What carries the argument
The coalescing-aware orchestration policy and static expert-aware stratification scheme that jointly optimize resource allocation and workload balancing between CPU and GPU for expert and attention computation.
If this is right
- MoE inference can achieve higher throughput on systems with both CPU and GPU by using larger batch sizes for experts.
- PCIe transfer overhead is reduced by keeping frequently used experts on the GPU.
- System utilization improves because CPU handles some computation while GPU focuses on others.
- End-to-end MoE decoding speed increases without requiring micro-batching that fragments workloads.
Where Pith is reading between the lines
- Similar co-execution strategies could apply to other memory-intensive AI workloads like large language models with sparse activation.
- This approach might reduce the need for multiple high-end GPUs in inference clusters by leveraging available CPU resources.
- Further work could test dynamic expert assignment instead of static pre-assignment for varying input distributions.
Load-bearing premise
The assumption that adopting ordinary batch sizes instead of micro-batches for expert computation will avoid memory-bound behavior and that selective attention offloading remains practical in the decode stage without major performance or correctness penalties.
What would settle it
Running the system with ordinary batch sizes and measuring if expert execution becomes compute-bound with higher operational intensity, or observing if selective attention offloading in decode causes noticeable latency increases or output errors compared to full GPU execution.
Figures
read the original abstract
The Mixture-of-Experts (MoE) architecture improves computational efficiency via sparse expert activation, but throughput-oriented inference faces substantial GPU memory pressure due to a significant parameter size and intermediate data.

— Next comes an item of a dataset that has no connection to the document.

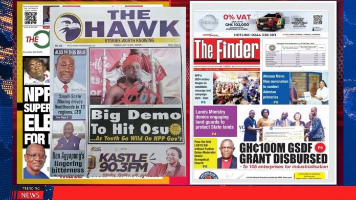 NewsGhana Newspaper Ghana Newspaper Headlines | GhanaTalksRadio.com | Jul 18 | 2023 18th July 2023 0 266 Share Facebook Twitter WhatsApp Linkedin Pinterest Telegram Viber Today’s Newspaper Headlines: &Big Demo To Hit Osu As Youth Go Wild On NPP Gov’t -I’ll Replace Rawlings As Your Godfather; Alan Tells Voltarians -NPP To Rig Super Delegates Election For Bawumia MORE…
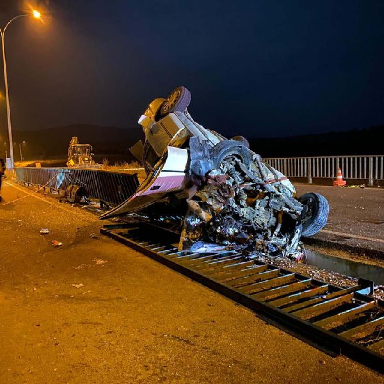 Köprü demirlerine çarpan araç hurdaya döndü: 1 ölü, 3 yaralı

Prior works attempt to mitigate this using expert offloading with micro-batching or by offloading computation to the CPU. However, the fragmented workload resulting from micro-batching degrades operational intensity, causing expert execution to become memory-bound. Meanwhile, CPU offloading is constrained by slow PCIe transfers and its limited applicability to attention computation in the decode stage. Consequently, these inefficiencies prevent effective system utilization, severely restricting the end-to-end throughput of MoE inference. To address these challenges, this paper proposes CoX-MoE, an Advanced Matrix Extensions (AMX)-enabled CPU-GPU collaborative system that comprehensively optimizes MoE inference by combining coalesced expert execution with strategic workload orchestration for higher throughput. CoX-MoE introduces (i) a coalescing-aware orchestration policy to jointly optimize resource allocation by adopting ordinary batch, instead of micro-batch, for expert computation and selective attention offloading, and (ii) a static expert-aware stratification scheme that pre-assigns frequently activated experts to the GPU, mitigating PCIe transfer overhead and balancing workload for the CPU and GPU during inference. Compared to state-of-the-art frameworks, CoX-MoE delivers significant gains, achieving up to 7.1x and 2.4x higher throughput than FlexGen and MoE-Lightning, respectively.
Editorial analysis
A structured set of objections, weighed in public.
Referee Report
Summary. The paper proposes CoX-MoE, an AMX-enabled CPU-GPU co-execution system for high-throughput MoE inference. It addresses memory pressure from large expert parameters by combining coalesced expert execution (using ordinary batches rather than micro-batches), selective attention offloading, and a static expert-aware stratification scheme that pre-assigns frequently activated experts to the GPU to reduce PCIe overhead. The central claim is that these optimizations jointly improve resource allocation and workload balance, delivering up to 7.1x higher throughput than FlexGen and 2.4x higher than MoE-Lightning.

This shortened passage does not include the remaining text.